Excerpts from the speech of the President of the African Development Bank, Akinwumi Adesina
“During the heat of political upheavals here, while all other donors left the country, one remained. That institution is us – the African Development Bank Group. The ADF helped to bolster weak institutions, improve access to basic services like water and sanitation and build sustainable infrastructure.”
“It’s an ongoing business to tackle poverty, inequality and fragility. An ongoing business to address climate change, gender biases, as well as tackle corruption, illicit capital flows, poor management of natural resources, building quality infrastructure and connecting nations. An ongoing business to entrench better economic and political governance.”
“Nations may go through fragility, but they can exit and become stable, dynamic, prosperous and resilient to debilitating shocks. That’s our goal for the ADF: a powerful instrument to help build resilience of Low Income Countries. For at the end of the day, for the Africa Continental Free Trade Area to work, we cannot integrate fragile states; we can only integrate resilient states.”
“The ADF is all about unleashing hope for the least developed countries. Unleashing opportunities. Unleashing prosperity in the midst of challenges. Unleashing pride and determination to succeed, against all odds,” Adesina said.
The African Development Fund has, this year, inaugurated the bridge between Gambia and Senegal, a dream since 1974, realized in January 2019 because of the ADF.
Thanks to the highway between Addis Ababa and Mombasa, trade between Ethiopia and Kenya increased by 400%. As for the Kazungula bridge linking Botswana, Namibia and the Democratic Republic of Congo, it will reduce the waiting time at the borders from 14 days to just one hour!
President Adesina urged countries to be generous in this 15th replenishment of the African Development Fund, which has touched and transformed the lives of more than 200 million Africans between 2011 and 2018. The last replenishment meeting of the Fund will take place at 3rd quarter of the year 2019.
Key quotes from the President of Madagascar, who called on the Fund to help his country become the rice paddy of the Indian Ocean, as the island currently imports some 500,000 tons of rice.
“The resources are within our reach to be able to respond to the local demand for food. We need to create agricultural value chains.”
Another paradox, Madagascar, 2nd world producer of lychee, continues to import the juice instead of producing it locally.
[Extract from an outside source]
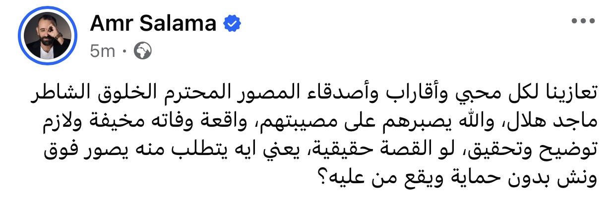 نعى المخرج عمرو سلامة المصور الراحل ماجد هلال عبر حسابه الشخصي بموقع التواصل الإجتماعي فيسبوك، معبرًا عن حزنه الشديد وصدمته من خبر الوفاة، ومطالبًا بضرورة توضيح أسباب الحادث الذي وصفه بـ”المخيف”.

At the end of its three-year (ADF-14) replenishment cycle, the African Development Fund will have invested some $48 billion in low-income countries since its creation in 1973. For the period 2011-2018 alone, the Fund has contributed to: better access to electricity for 11 million people; improved agricultural techniques for 90 million people; better access to transportation for 67 million people. Some 714,000 small and micro enterprises benefited from funding, 36 million people from improved water and sanitation services, and more than 4 million people had access to education.